YOUR TASK: Reproduce every record below exactly as written, leaving out any pictures.

Stored dataset items
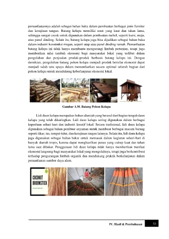 dan kerajinan tangan. Batang kelapa memiliki serat yang kuat dan tahan lama,
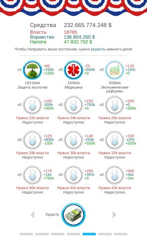 Почувствуйте себя политиком, экономистом и просто первоклассным пройдохой. Выделяйте средства для различных общественных проектов, отмывайте деньги и просто уклоняйтесь от уплаты налогов. Но всё имеет свою цену..... так что вам нужно очень хорошо поработать.
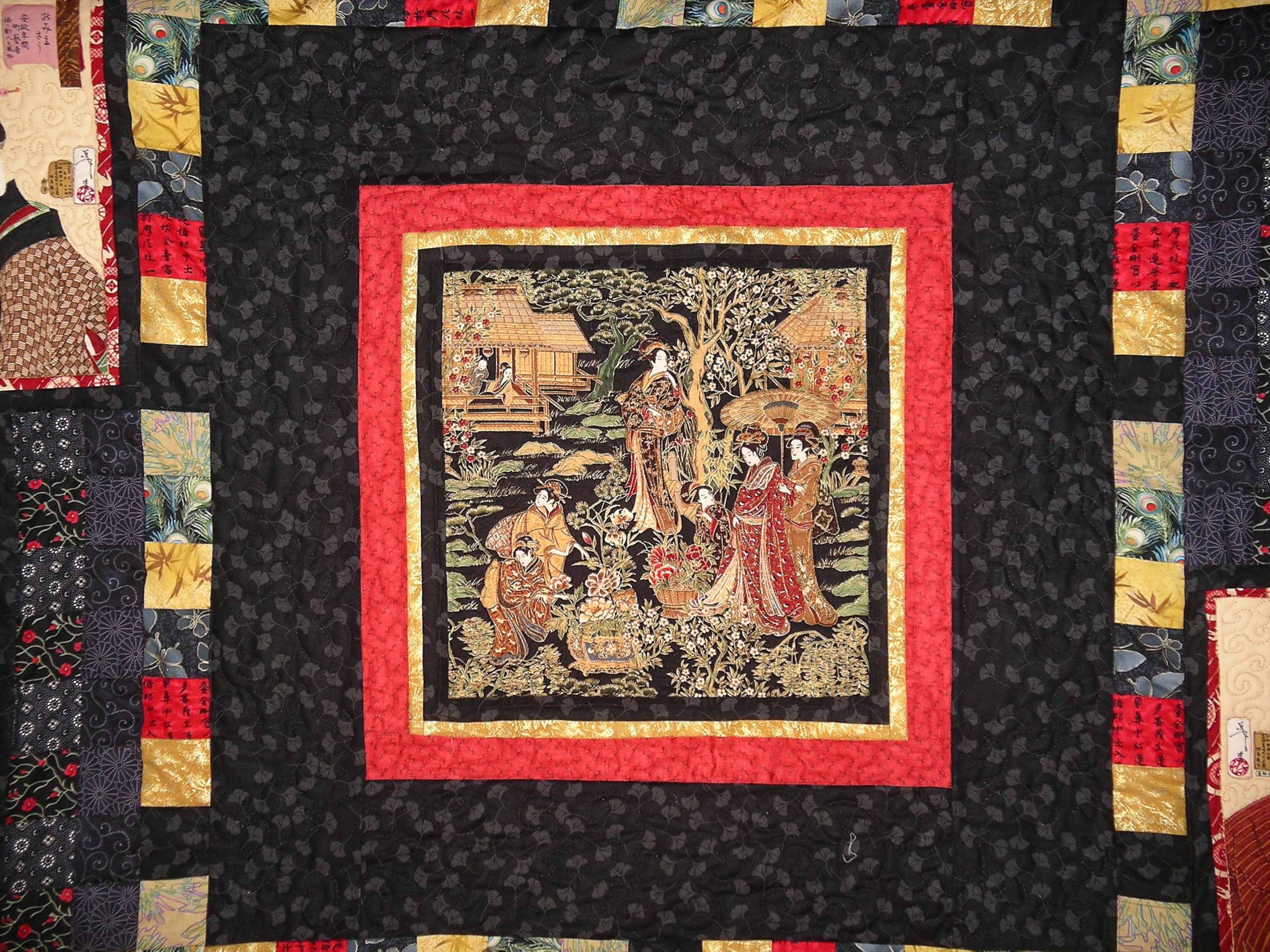 The center panel depicts a garden with elegantly attired nobles. I framed it with black, metallic gold, and red set against a field of black.
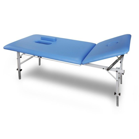 Állítható magasságú, és könnyen összecsukható vizsgálóágy, állítható fejtámlával. Mindössze be kell hajtani a lábait, és már szállítható is. A fejtámláját racsni segítségével állíthatjuk be a kívánt helyzetbe. Felülete porfestett acélváz, nagy színválaszt
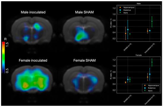 33]. The values obtained for the SHAM female animal were lower across all evaluated regions compared to the inoculated female rat. In the male rat, differences between the inoculated and SHAM animals were observed only at the injury site. As previously observed across other animal models, R values in inoculated male rats were lower than those in females.
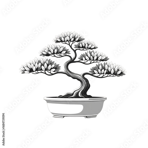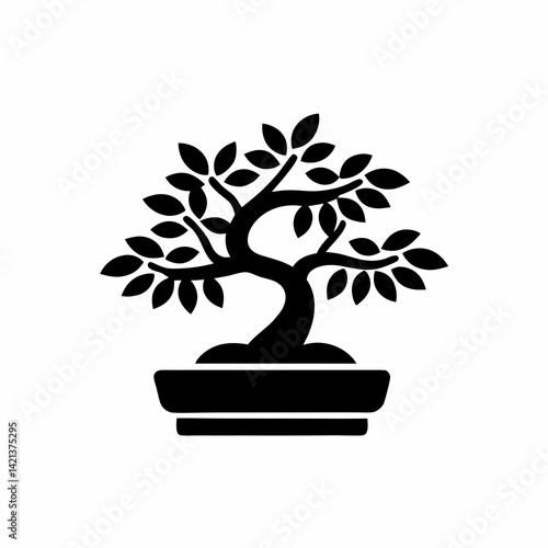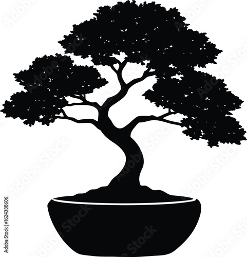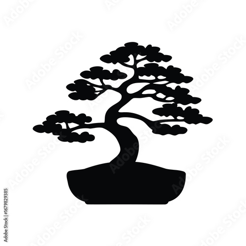Bonsai tree silhouette, Japanese miniature plant vector, zen garden illustration for nature, art, meditation, and design projects
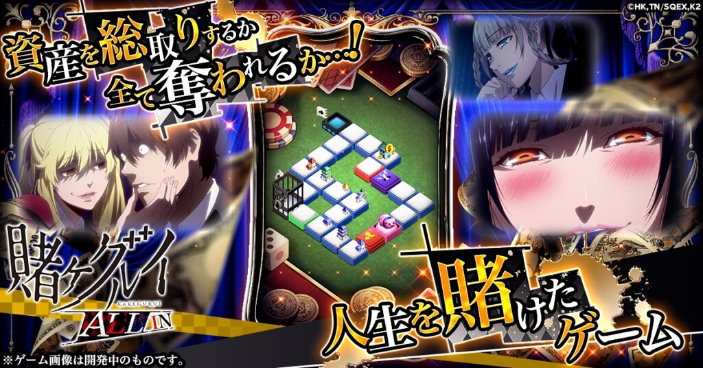 賭ケグルイ ALL IN」は、CTW株式会社がG123プラットフォームで提供する戦略すごろくゲームです。TVアニメ・漫画「賭ケグルイ」(河本ほむら原作)を原作とし、2026年3月23日に正式サービスが開始しました。

ANSWER BOX:
 dan kerajinan tangan. Batang kelapa memiliki serat yang kuat dan tahan lama,
 Почувствуйте себя политиком, экономистом и просто первоклассным пройдохой. Выделяйте средства для различных общественных проектов, отмывайте деньги и просто уклоняйтесь от уплаты налогов. Но всё имеет свою цену..... так что вам нужно очень хорошо поработать.
 The center panel depicts a garden with elegantly attired nobles. I framed it with black, metallic gold, and red set against a field of black.
 Állítható magasságú, és könnyen összecsukható vizsgálóágy, állítható fejtámlával. Mindössze be kell hajtani a lábait, és már szállítható is. A fejtámláját racsni segítségével állíthatjuk be a kívánt helyzetbe. Felülete porfestett acélváz, nagy színválaszt
 33]. The values obtained for the SHAM female animal were lower across all evaluated regions compared to the inoculated female rat. In the male rat, differences between the inoculated and SHAM animals were observed only at the injury site. As previously observed across other animal models, R values in inoculated male rats were lower than those in females.
Bonsai tree silhouette, Japanese miniature plant vector, zen garden illustration for nature, art, meditation, and design projects
 賭ケグルイ ALL IN」は、CTW株式会社がG123プラットフォームで提供する戦略すごろくゲームです。TVアニメ・漫画「賭ケグルイ」(河本ほむら原作)を原作とし、2026年3月23日に正式サービスが開始しました。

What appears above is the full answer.